Rimi memang ingat malam itu. Kaisar telah bangun dari tempat tidur menjelang subuh. Dia pasti sedang bertemu dengan Hakurei.

“Seperti yang dia sarankan, aku mulai bertindak seolah-olah aku sedang diracuni. Kurasa Jotetsu menyadarinya. Saat dia membimbingku berkeliling, dia selalu bertanya bagaimana penglihatanku,” jelas Shohi. “Namun, rencana itu berhasil. Hakurei adalah pria yang brilian.”

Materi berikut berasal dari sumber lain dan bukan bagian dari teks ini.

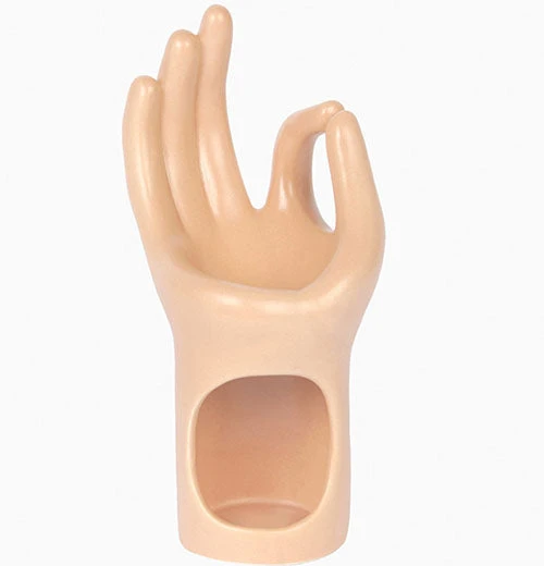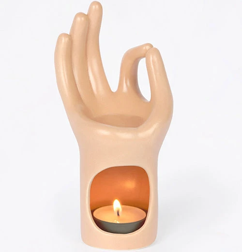 A yoga hand mudra inspired the form of this burner for essential oils. Put a little tea candle or whatever essential oil you choose on top, then let the calming aroma fill your house.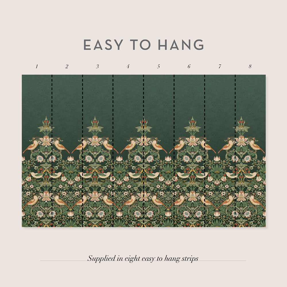 Vlies-Fototapete, grün, Blumen, Vögel, 125310, William Morris At Home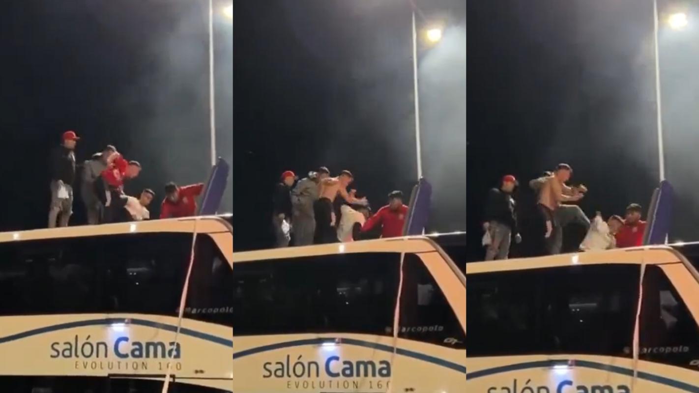 Cuando los jugadores intentaban compartir desde el bus con los hinchas que llegaron a alentarlos un video captó como dos de los individuos que se encontraba sobre el vehículo golpearon a Bayron Oyarzo luego de que éste no quisiera entregarles su indumentaria.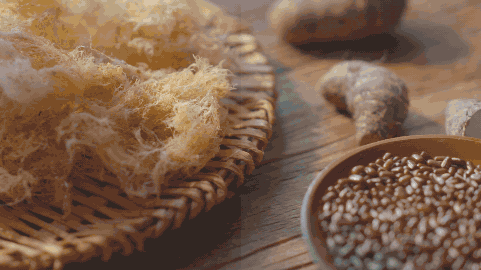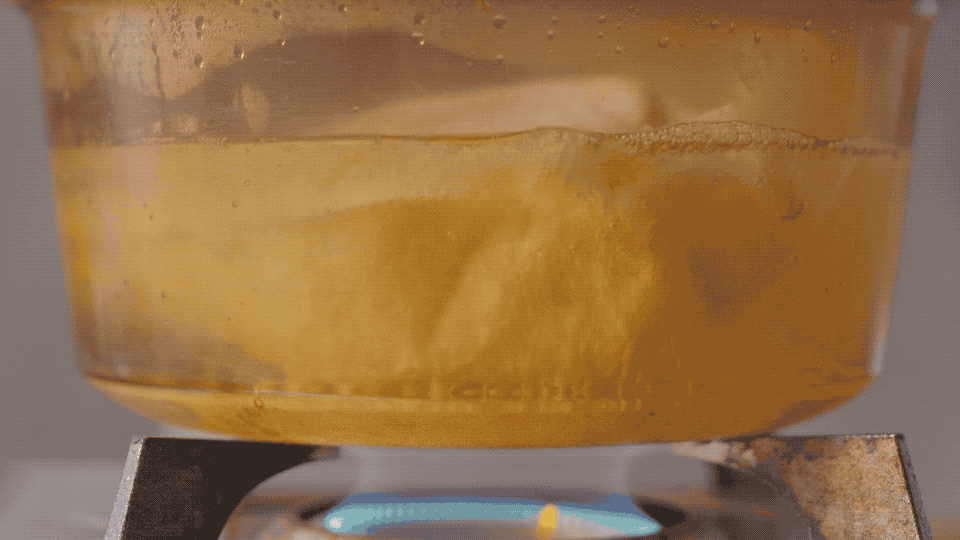 然后再准备好一大锅水,放进装好袋的石花草,慢煮一小时。时间到,取出放凉,等待半小时,就能凝固成石花膏了。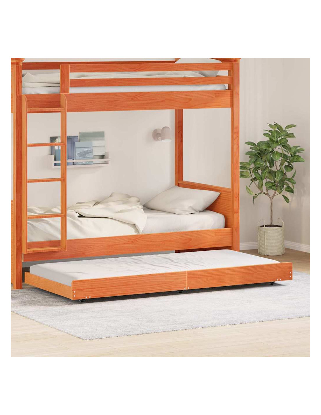 - Costruzione solida: Fatto in legno massello di pino, il letto è robusto e durevole. Questo materiale fa sì che il letto resista all'uso quotidiano senza perdere la sua struttura o fascino. Le venature naturali del legno di pino danno anche un tocco visivo ricco alla stanza, creando un'atmosfera calda e accogliente.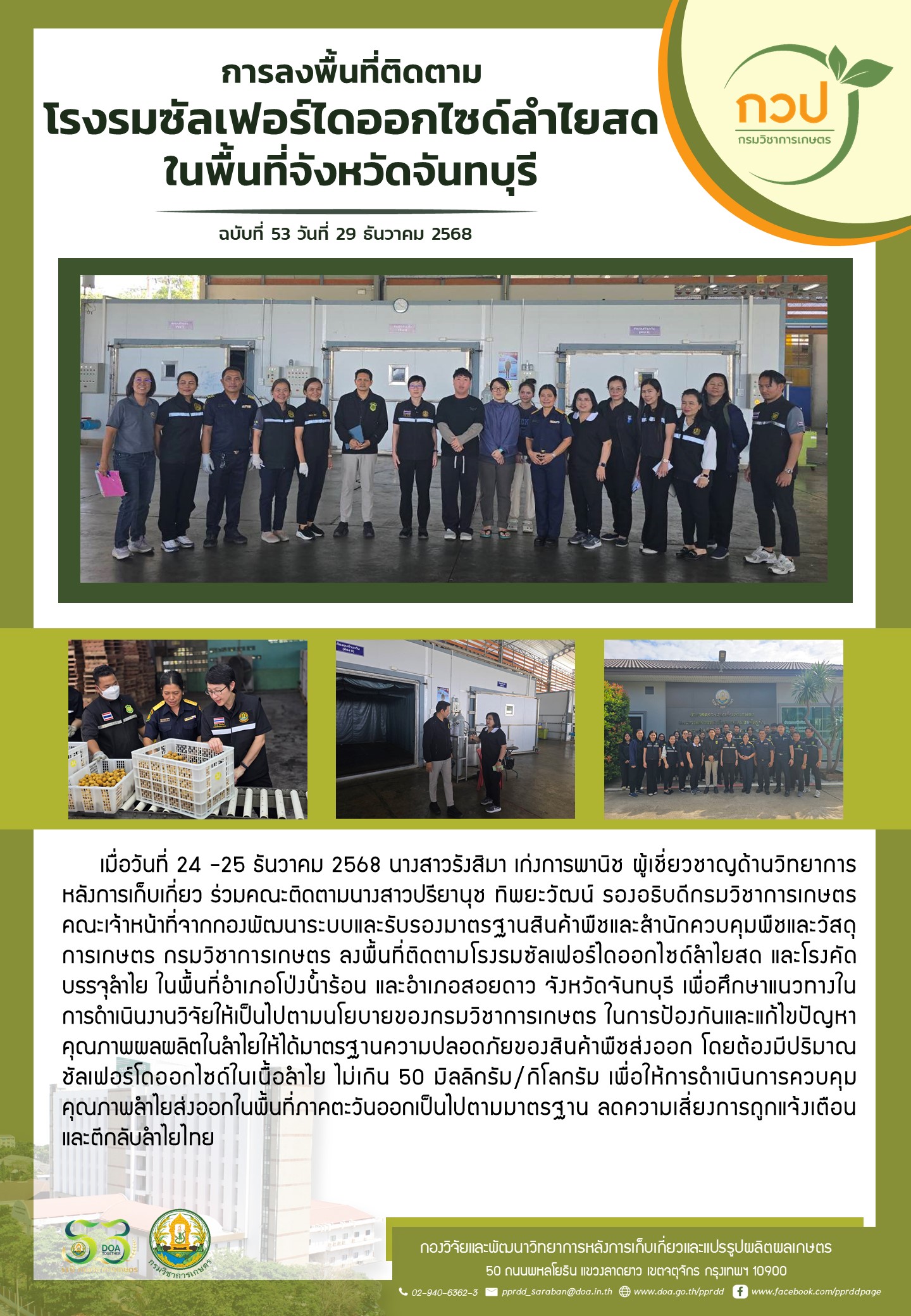 กิจกรรม กวป. การลงพื้นที่ติดตามโรงรมซัลเฟอร์ไดออกไซด์ลำไยสด ในพื้นที่จังหวัดจันทบุรี 29 ธันวาคม 2568 pprddadmin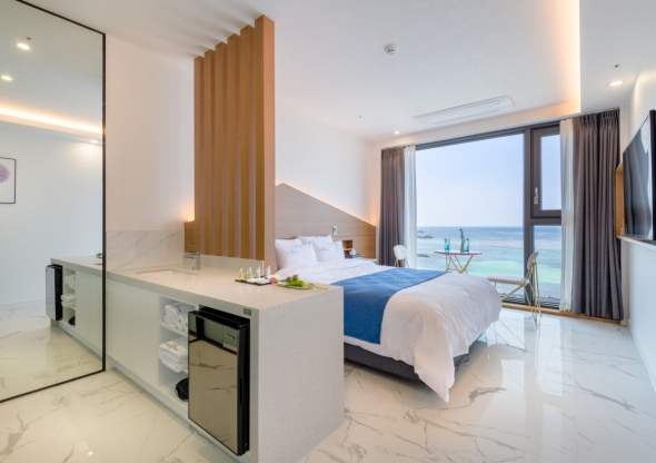 제주여행마다 꼭 메르블루에서 머무르며 공항 근처를 여행하는데 저희는 차가 없어서 뚜벅이로 버스와 택시를 애용합니다. 대중교통을 이용하기에 너무 좋은 위치이며, 근처에 맛집도 많아서 항상 그 맛집들을 함께 방문합니다. 너무 깨끗하고 친절하시며 씨유가 있다는것도 정말 편합니다. 바로 옆에 스타벅스도 말 할것도 없고, 여러 호텔을 다녀보았지만 오션뷰는 여기가 최고라고 단언할 수 있습니다. 정말 아쉬운 점은 수압에 비해 샤워기헤드가 너무 커서 긴 머리를 감기에는 너무 오래걸려요 ㅠㅠ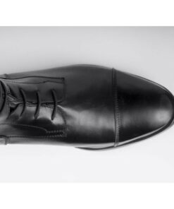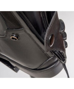 La semelle décrit un mouvement de vague pour faciliter le mouvement de la cheville et améliorer la descente des talons. La fermeture éclair sur l’arrière est très résistante et renforcée par 2 boutons à pressions en laiton et haut et en bas de la jambe. Le rabat en cuir en haut est doublé d’une couche disposant d’une encoche destinée à accueillir la tête de la fermeture éclair pour rendre impossible l’ouverture de la botte pendant l’effort.

Kaisar menoleh ke arah Hakurei, dan Rimi pun menatapnya. Ia masih duduk bersandar di dinding, wajahnya menghadap ke langit-langit dan matanya terpejam. Kulitnya seputih selembar kertas.

“Tuan Hakurei?!”

“Hakurei!”

Shohi dan Rimi bergegas menghampirinya. Shohi meraih bahu Hakurei dan mulai mengguncangnya

“Hakurei!” teriaknya.

Kepala sutradara terkulai ke depan, bersandar pada Shohi.

“Panggil dokter sekarang! Ada yang salah dengannya!” teriak Shohi sambil memegang tubuh adiknya dengan cemas

Rimi bergegas keluar pintu.

III

Di sebuah ruangan dengan anglo yang menyala, angin dingin dan lembap tiba-tiba menerpa udara

Menteri Pendapatan To Rihan, yang sedang terkulai di atas meja dan tertidur, tiba-tiba mendongak dan melihat Keiyu berdiri di ambang pintu. Rihan dengan linglung bertanya-tanya di mana menteri lainnya berada. Pria itu begitu riang tentang segalanya; dia mungkin sedang mencoba merayu beberapa wanita istana, bahkan di saat darurat seperti ini.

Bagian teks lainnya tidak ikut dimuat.